----- Entries shown -----

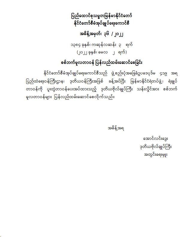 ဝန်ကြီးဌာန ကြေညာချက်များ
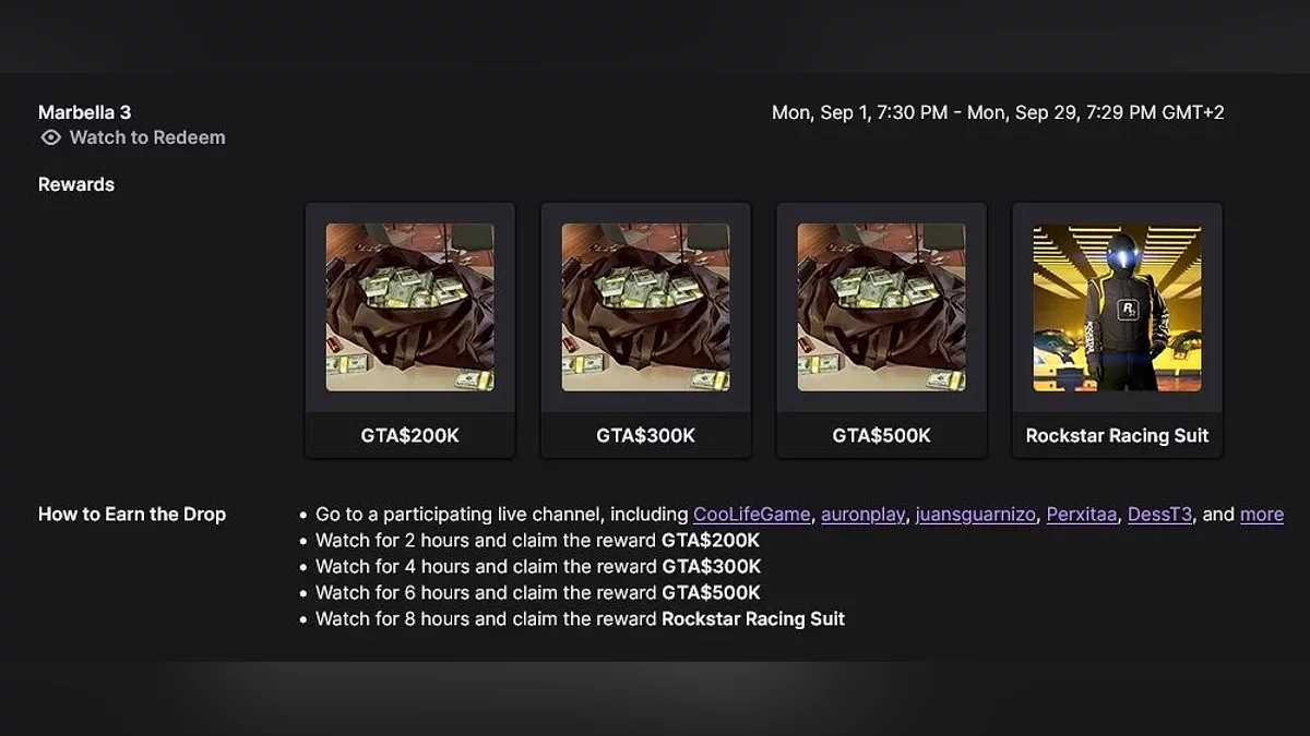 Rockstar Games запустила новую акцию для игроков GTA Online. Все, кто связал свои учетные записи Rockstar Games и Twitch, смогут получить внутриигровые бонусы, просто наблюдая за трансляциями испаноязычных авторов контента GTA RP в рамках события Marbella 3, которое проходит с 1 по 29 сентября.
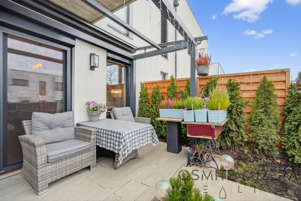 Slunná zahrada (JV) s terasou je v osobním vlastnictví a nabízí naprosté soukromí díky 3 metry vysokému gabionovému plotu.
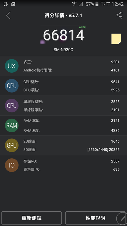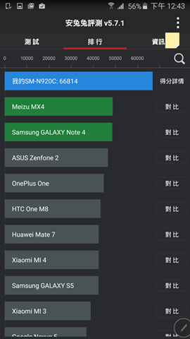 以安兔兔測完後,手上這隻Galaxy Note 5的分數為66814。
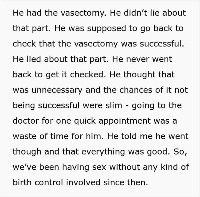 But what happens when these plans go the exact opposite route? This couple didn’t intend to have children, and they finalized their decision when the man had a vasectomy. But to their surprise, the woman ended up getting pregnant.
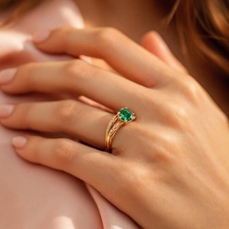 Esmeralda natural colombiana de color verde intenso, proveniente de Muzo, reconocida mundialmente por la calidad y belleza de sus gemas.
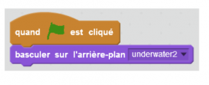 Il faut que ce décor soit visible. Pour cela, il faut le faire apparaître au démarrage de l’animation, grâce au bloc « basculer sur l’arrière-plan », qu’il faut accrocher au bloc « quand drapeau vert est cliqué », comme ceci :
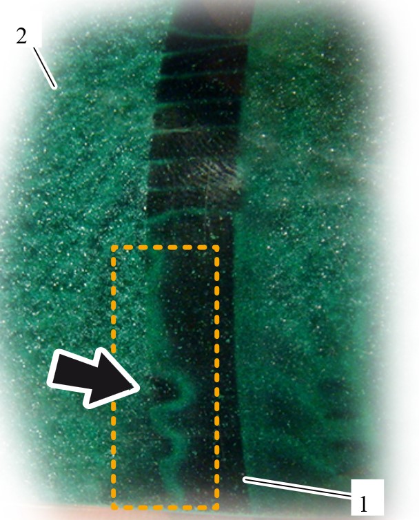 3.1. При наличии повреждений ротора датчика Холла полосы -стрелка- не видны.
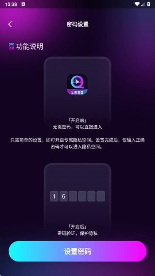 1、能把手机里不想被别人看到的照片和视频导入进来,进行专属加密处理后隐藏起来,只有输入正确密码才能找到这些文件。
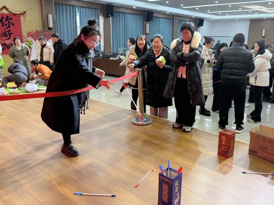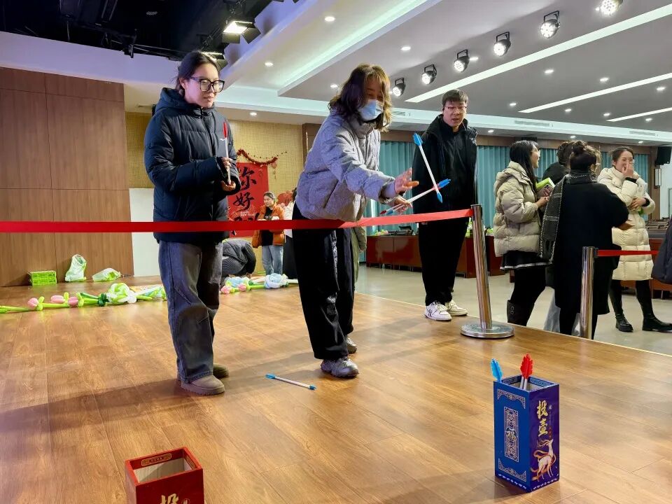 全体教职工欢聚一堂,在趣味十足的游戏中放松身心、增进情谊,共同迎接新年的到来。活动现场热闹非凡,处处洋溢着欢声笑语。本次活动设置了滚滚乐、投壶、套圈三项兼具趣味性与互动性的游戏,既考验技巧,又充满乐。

-----

What is required
Please reproduce exactly, and nothing more, the lines from the one containing "3.1. При наличии" through the last line of the entries, both included; pictures stay out.

Response
 3.1. При наличии повреждений ротора датчика Холла полосы -стрелка- не видны.
 1、能把手机里不想被别人看到的照片和视频导入进来,进行专属加密处理后隐藏起来,只有输入正确密码才能找到这些文件。
 全体教职工欢聚一堂,在趣味十足的游戏中放松身心、增进情谊,共同迎接新年的到来。活动现场热闹非凡,处处洋溢着欢声笑语。本次活动设置了滚滚乐、投壶、套圈三项兼具趣味性与互动性的游戏,既考验技巧,又充满乐。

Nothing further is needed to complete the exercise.